Civil liberties recognises that our freedoms and rights may need to be intruded on in certain circumstances. At the same time we believe that these intrusions must be done as openly as possible and with suitable oversight. We also believe we have a right to know what form those intrusions take.
The GCSB has highly intrusive powers that are exercised in secret. This secrecy means that these powers are open to abuse in a way that doesn’t apply to most other government agencies and we’ve already seen that the GCSB struggles to obey the law meant to limit its behaviour.
Currently operational oversight consists of the Minister (typically the Prime Minister who we can expect to be generally very busy) and their direct appointee, the Inspector General of Intelligence.
The new regime suggested in this bill is that operational oversight will consist of the Minister and the Inspector General of Intelligence. In other words, except for slight tweaking around the powers and appointment of the Inspector General, nothing has changed.

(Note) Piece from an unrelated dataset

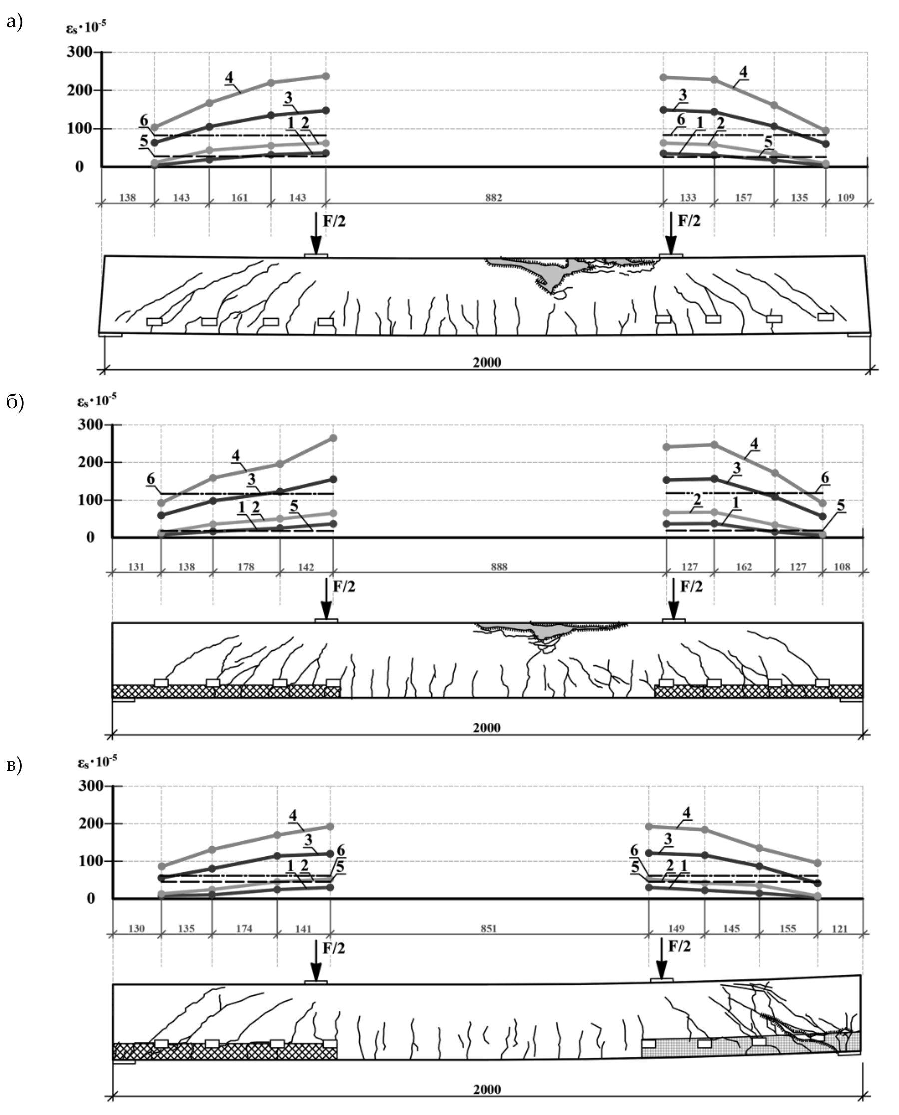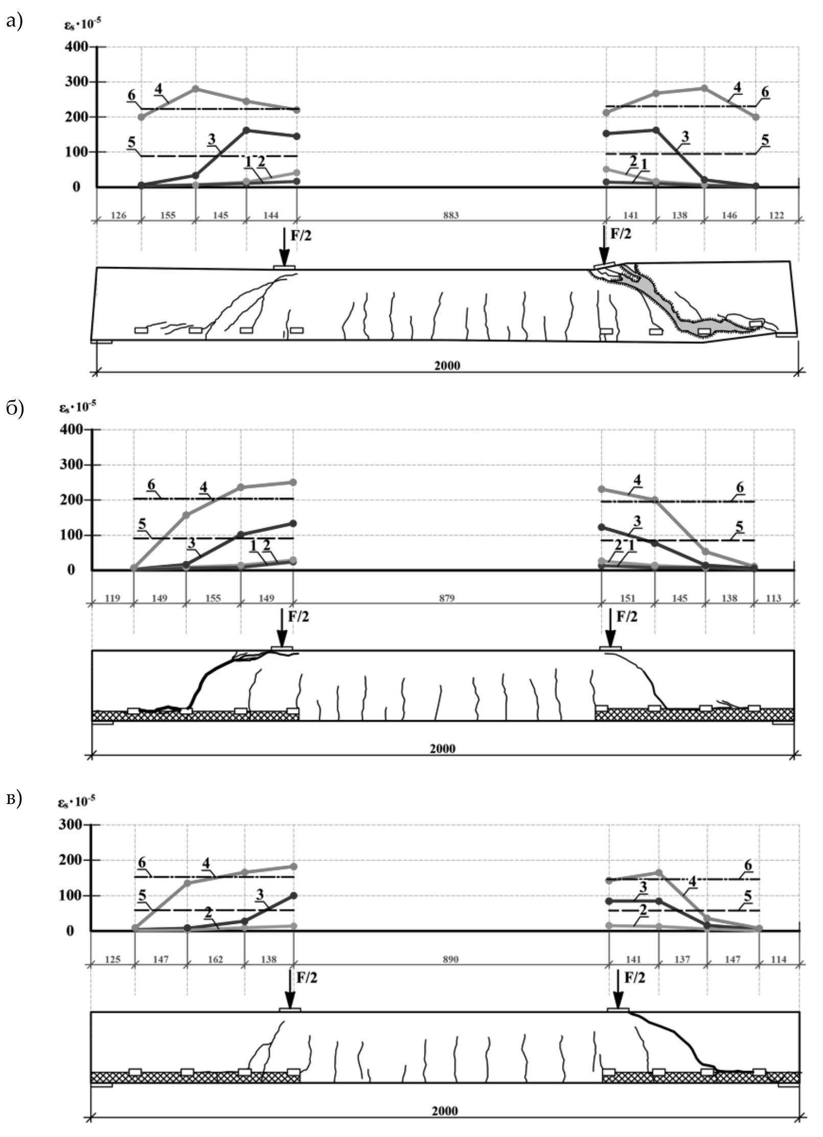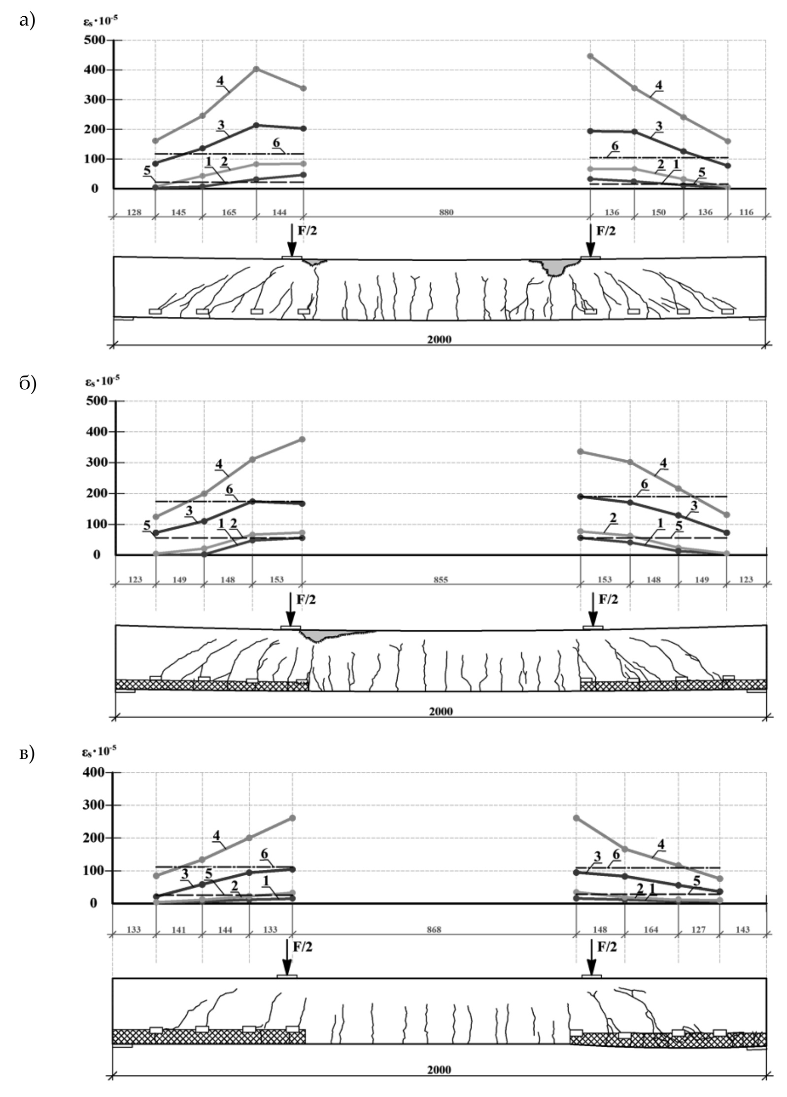10. Рис. 9. Графики деформаций арматуры в зонах поперечного изгиба образцов 2-й серии: а – эталонный образец (F⁰ᵤₗₜ = 114,4 кН); б – образец со степенью разрушения защитного слоя χ = 0,5 (F⁰ᵤₗₜ = 114,4 кН); в – образец со степенью разрушения защитного слоя χ = 1 (F⁰ᵤₗₜ = 63,0 кН); 1 – при нагрузке 0,16 F⁰ᵤₗₜ; 2 – при нагрузке 0,25 F⁰ᵤₗₜ; 3 – при нагрузке 0,55 F⁰ᵤₗₜ; 4 – при нагрузке 0,9 F⁰ᵤₗₜ; 5 – уровень нагрузки, соответствующий образованию нормальной трещины; 6 – уровень нагрузки, соответствующий образованию наклонной трещины

We do not find this reiteration of a failed model to be an acceptable level of openness and oversight. We need an expanded and significantly better system of operational oversight that doesn’t rely on one politician and their direct appointees, ideally one with some involvement of the judiciary and possibly civil society. This bill does not provide it.
In conclusion, while we have made some suggestions for how this bill can be improved, we think that this will not go far enough.
We see the powers being given to the GCSB as being more of a threat to the security of New Zealanders than the perceived problems that these powers are meant to fix.
Some may argue that we are being naive and that we would change our minds if we could see what horrors our intelligence services protect us from. We would argue that in New Zealand we’re lucky that we don’t have to be scared all the time, and we don’t want to be railroaded by politicians naive enough to believe the self-serving scare stories told to them by the bureaucrats in the intelligence agencies.
We ask the committee to reject this bill, we believe that New Zealand needs a full enquiry into what we want our intelligence agencies to do and the powers that we need to give them.